Pollinator Plants for Maryland Gardens

Maryland gardens can help out pollinators in multiple ways.

Providing plants for pollinators like bees and butterflies has been an ongoing concern in the Maryland gardening community for at least several years. With pollinators becoming fewer and farther between, installing the best plants in the garden has become paramount. Thankfully, Maryland has an abundance of pollinator plants and knowledgeable landscapers to help you create a successful pollinator garden.

Maryland Native Plants

Maryland is home to an abundant collection of native plant species, including grasses, ferns, shrubs, trees, and herbaceous plants. One can search Maryland native plant databases online to find the perfect collection for your property, taking sun exposure, soil type, soil moisture level, and other factors into consideration. 

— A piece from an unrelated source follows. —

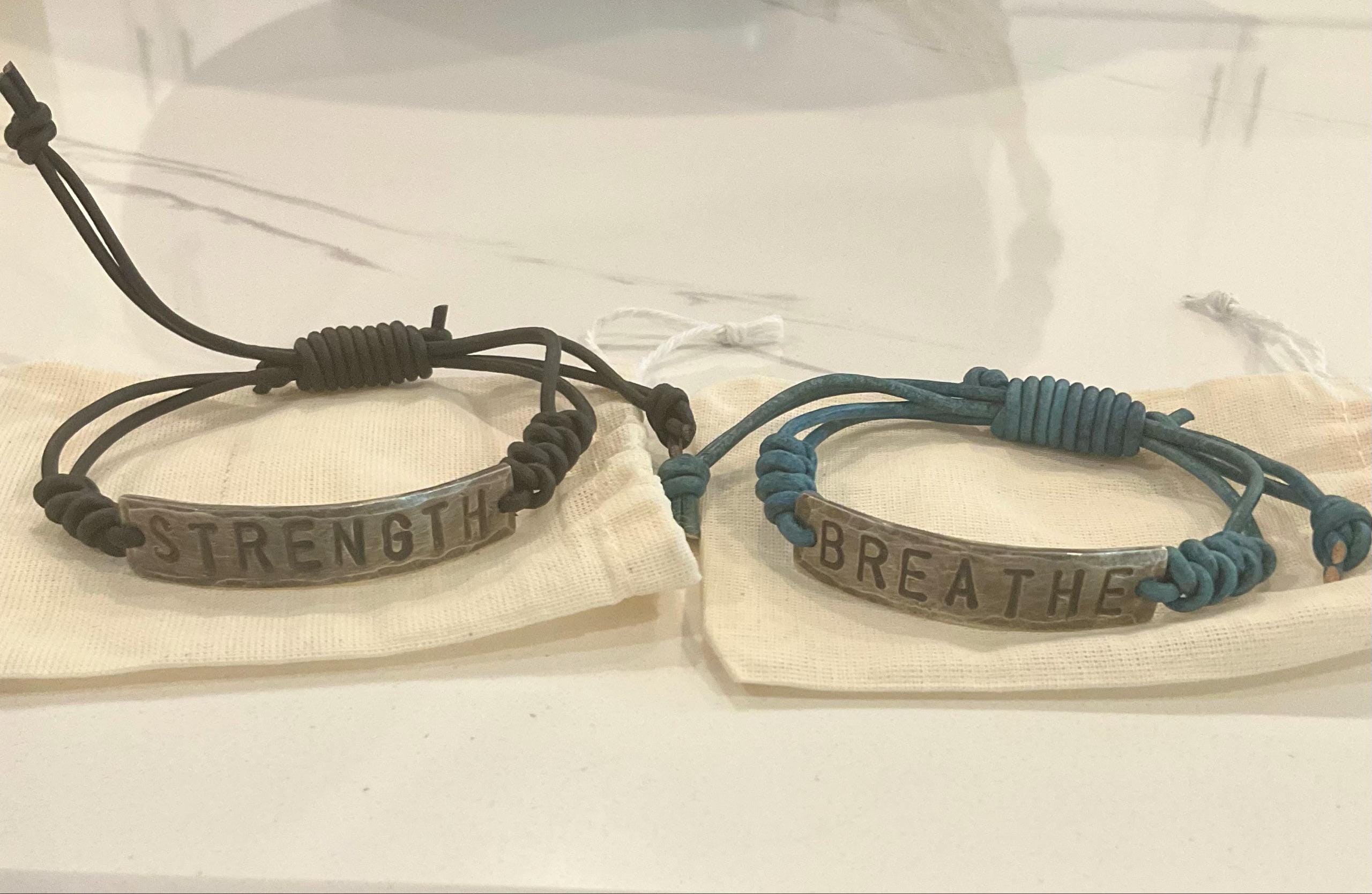 This hand-stamped leather bracelet features the word Strength, a simple yet powerful reminder of resilience, perseverance, and inner resolve. Designed for everyday wear, it’s a grounding piece meant to be worn through both challenges and calm.

When planning a complete native garden, one should utilize different plant types of varying heights into the design, such as trees, shrubs, and flowers. Even better, plan to have at least three different species that will provide flowers from spring to fall. Flowering plants will likely need at least 6 hours of full sunlight.


Maryland’s bees and butterflies rely on native species, even to the extent of fulfilling their entire lifecycle on one plant (like the monarch butterfly with milkweed.) However, insects are flexible and do pollinate other plants as well. If you have a vegetable garden, allow plants like broccoli, onions, and kale to flower once in a while so that the pollinators have an extra food source. 


Herb gardens are another way to provide food for pollinators. Herbs can grow either in containers or directly in the ground, and their flowers often give popular pollinator fuel. Lavender, rosemary, mint, parsley, sage, and more are all fantastic for the garden and the kitchen.

No Harm in a Few Weeds

Having a healthy lawn generally means that you have a weed-free lawn. Even so, if a few dandelions sprout up in April on your property, there’s no need to fret. Dandelions, clover, and other weeds do have nutrients that are beneficial for the soil. What’s more, they provide food for pollinators in early spring before many other species begin to flower.

Other Ways to Help

Planting pollinator plants is the primary way to help pollinators thrive, but one can also include a couple of additions. One is to limit herbicides and pesticides as much as possible. Another is to put out a water dish with stones in it for insects to use for drinking.